# I'm in love with a tool box :( lets see your setups



## agent-x (Jul 26, 2008)

you know sometimes when you see something and you just fall for it immediately

you just really really REALLY want it

well ive fallen in love with this and I WANT ONE

also feel free to post your tools and setups of your tool boxes :chuckle:


----------



## agent-x (Jul 26, 2008)

by the way more snap on than anything else please lol


----------



## G40tee (Feb 25, 2008)

erm wow . . . . . . i want! but send the bill to anyone else! haha


----------



## djdarer (Jun 11, 2007)

:bowdown1: how much?


----------



## bigkev (Mar 2, 2008)

i agree that looks absolutely stunning but its gotta cost like 20k or more.


----------



## agent-x (Jul 26, 2008)

don't have a clue how much it will cost

don't even know the part number

i think its one of those customised ones from snap on

maybe someone can show there regular snap on guy and get a price on it?


----------



## furrywoolyhatuk (Apr 16, 2009)

My set-up consists of a two tray toolbox which mainly consists of old ikea parts left over from previous self build items! There for im to ashamed to post my pic!:nervous:


----------



## FCUH (Feb 6, 2008)

I think i need to go and change my trousers and get some tissues to clean my monitor!


----------



## aferx (Oct 4, 2005)

Here you go not mine but nice


----------



## agent-x (Jul 26, 2008)

^^^ thats nice i think its available only to people who have bought GTR's from the dealers

and you can go into your dealership and order this only 635 of them available i remember reading something about them ill see if i can find the article made me chuckle when i read it


----------



## *MAGIC* (Oct 21, 2009)

Ignore the miss match on the draws it was done on purpose for a competition I did on another forum but these are the only pics I have:

Brought around 3 months ago.







































Robbie


----------



## Min-e (Sep 23, 2009)

Superb roll cabs! Love the roll cab and chest Robbie. I was going to buy a Snap-On roll cab, but then decided to settle for a Halfords Industrial 6 drawer roll cab, and to use the money I would have spent on the roll cab on tools to go in the damn thing


----------



## 8110 (Jul 16, 2006)

The GTR one is smashing!


----------



## freakazoid3 (Jan 19, 2008)

Is that a nice series 2 testa I see there Robbie...?


----------



## *MAGIC* (Oct 21, 2009)

freakazoid3 said:


> Is that a nice series 2 testa I see there Robbie...?

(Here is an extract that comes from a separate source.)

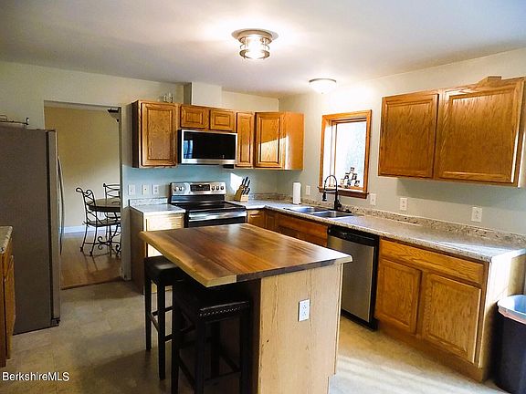 Four bedroom two and a half bath home with rocking chair front porch and back deck overlooking a wooded area along with some distant mountain views. Kitchen is large enough to have a table with island along with the slider out to the rear deck. The living room has a corner gas fired fireplace with mantel. The rest of the first floor has a formal dining room a formal sitting room the half bath along with a laundry closet. The primary bedroom has a large walk in closet full bath with shower stall and jet tub. There are three other bedrooms and a full bath with tub shower combination on the second floor also. Basement has been partially finished which could be completed for additional living space. There is a hatchway that was designed to go into a possible attached garage if one chooses to build one

Lovely car that came in for alot of work:

Check it out:

Magic Vs A Ferrari Testarossa... - Detailing World


Robbie


----------



## freakazoid3 (Jan 19, 2008)

Wow Robbie so of our clients cars sure could use your magic to!
We overhauled a black testa a few months back aswell that didn't look much better then yours first did 
Very nice job :thumbsup:


----------



## *MAGIC* (Oct 21, 2009)

freakazoid3 said:


> Wow Robbie so of our clients cars sure could use your magic to!
> We overhauled a black testa a few months back aswell that didn't look much better then yours first did
> Very nice job :thumbsup:


Get them in and Ill be over :thumbsup:


----------



## DazGTR (Dec 5, 2007)

What would be the cost say on a skyline which is swirled up to hell?


----------



## mr mugen (Jan 11, 2007)

heres my master series box, have it around 6 months


----------



## bigkev (Mar 2, 2008)

found it

KRLP1022PC, Tool Utility Vehicle, Double Bank with Workstation Riser (Black)


----------



## aferx (Oct 4, 2005)

bigkev said:


> found it
> 
> KRLP1022PC, Tool Utility Vehicle, Double Bank with Workstation Riser (Black)


That seems very cheap :nervous:


----------



## agent-x (Jul 26, 2008)

bigkev said:


> found it
> 
> KRLP1022PC, Tool Utility Vehicle, Double Bank with Workstation Riser (Black)


nice one :thumbsup:

how long did it take you to find this?


----------



## bigkev (Mar 2, 2008)

agent-x said:


> nice one :thumbsup:
> 
> how long did it take you to find this?


not that long actually, i kind of stumbled upon it when perving on the snap-on website.:bowdown1:


----------



## agent-x (Jul 26, 2008)

i know what you mean about the perving

there's a little thing ive seen on the website i want to buy ive not seen it for sale before, my dad used to have it a few years ago but lost it with his keys ive always wanted one, i am thinking of ordering it tomorrow

ive just ordered a snap on zippo lighter with an armour case cost me almost £60 :nervous:

coming to think about it ermm thats quite expensive for a lighter :chairshot

if i had the space at home in the garage i would have this in red


----------



## kpkpkp (Dec 1, 2007)

That tool truck is nearly £14 :runaway: I am not into tools but I snap on is the daddy of tool brands. 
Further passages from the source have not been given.